■ PROBLEM STATEMENT
Within the entries below, find the portion that opens with the line containing "Neg nr ÖKM 08:03 Uthus från S Byggnad e" and closes with the line containing "Ödeshögs kommun Svanshals". Retype that portion exactly and only.

■ TASK DATA
.....
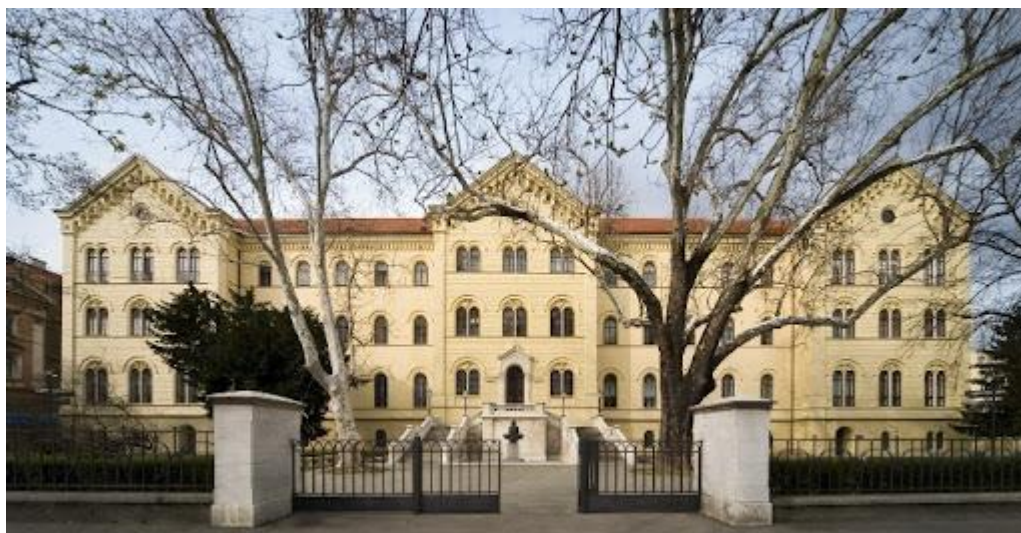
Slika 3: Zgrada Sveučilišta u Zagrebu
.....
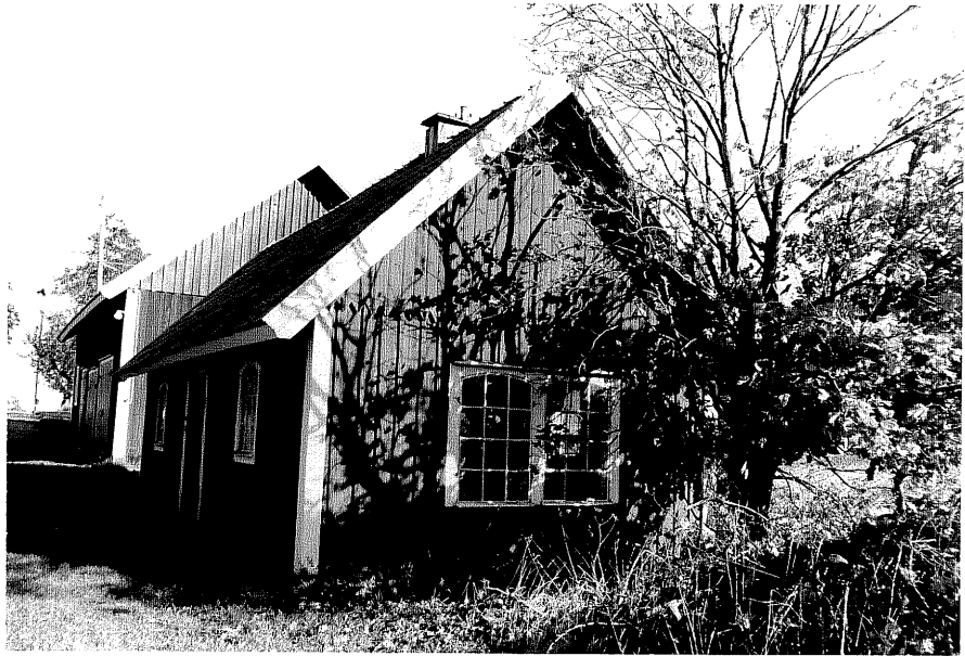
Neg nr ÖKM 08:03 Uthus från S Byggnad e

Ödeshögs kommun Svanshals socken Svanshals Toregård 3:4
.....
■ SOLUTION
Neg nr ÖKM 08:03 Uthus från S Byggnad e

Ödeshögs kommun Svanshals socken Svanshals Toregård 3:4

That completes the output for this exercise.